灵魂通过理性的控制,通过对身体的制度化的规训和持续的监视,更加以科学上合法化了的压制实践,在身体上施加了巨大的力量,使它变得柔韧和顺从。身体是由灵魂的冲动塑造的。那些冲动是压迫性的。

控制身体的“无数细微技巧”是可以学习到的。它们实际上是身体控制“技术”。这种技术不是天生就会的(没有哪一种技术是)。……但监禁身体的那同一种想象(“灵魂”或精神)也可以解放身体,因为科学技术可以以这两种方式影响身体。([匈]阿格尼斯.赫勒,P220)然而,这种科学的技术却诱使女人对自己身体的忽略,从而破坏着女性的身体。秘密生活越是被侵蚀,它就越是被公众审视之光“照亮”,单纯的身体/心智就越是无助,而它的监牢也就越是狭小。早已由“性解放”运动发动的性话语浪潮,在新维多利亚时期并没有褪去;相反,它变得无所不包。新的控制健康的浪潮加入到新维多利亚潮流之中。([匈]阿格尼斯.赫勒 P221)
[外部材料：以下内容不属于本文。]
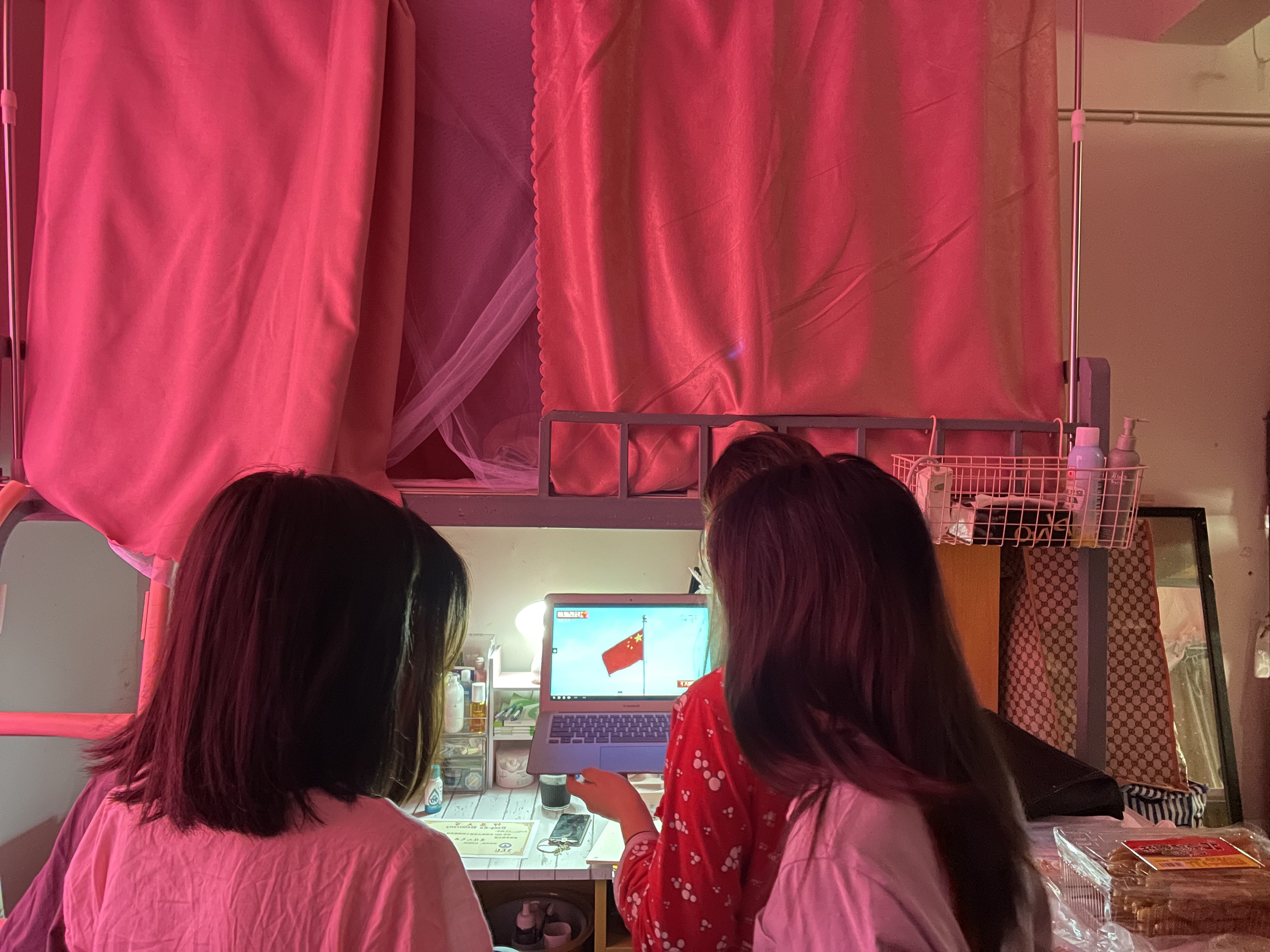 观看“云直播”升旗仪式 上午8:00,在校生们在宿舍线上观看学校国庆升旗仪式,共同庆祝新中国72周年华诞。伴随雄壮的国歌响起,五星红旗迎着晨光冉冉升起,全体学生肃然而立,向国旗行注目礼,表达对伟大祖国的无限敬意和深深祝福。

身体和心智有失去能力和机会的危险,使它们不能站在一种想象机制,或者去应付两种想象机制的矛盾与共存,并从而去接受选择和偶然性。从目前医学的发达程度来看,人工流产确实不算大手术,其本身也没有什么危险,但术后可能出现多种并发症,如子宫穿孔、闭经、子宫内膜异位等,严重者还会造成早产、宫外孕或不孕。有人认为药物流产简单,其实不然,万一胎儿未流尽,就会不断流血,最终造成大出血而危及生命。无论是人流还是药流,都是违背正常生理的一种手段,对内分泌影响很大,各种疾病便会接踵而来。有专家指出:有些年轻女性把人流当成常规的补救措施,三个月做两次人流,这是对自己的健康极不负责的表现,她们并不知道,从怀孕到生育,体内的各个系统都会发生很多微妙的变化,而且十月怀胎,机体对此早已做好充足准备工作。而人为地中止妊娠,体内的内分泌水平会急剧下降,没有一个缓慢的适应过程,这对人体是一个潜在的隐性打击。如果反复多次人工流产,机体所遭受的双重打击会逐渐使各方面的功能慢慢减退,出现早衰频繁的人工流产祸害无穷 ,也就是说,女性的身体会一步一步走向枯竭。如今,人类已经对自然资源的枯竭引起了重视,而对女性身体的枯竭却并没有引起重视,并且,无论男人还是女人都在过度地使用女性的身体,年轻女性频繁的人流就是一个严重的问题,女性的身体健康问题处于被忽略之中。       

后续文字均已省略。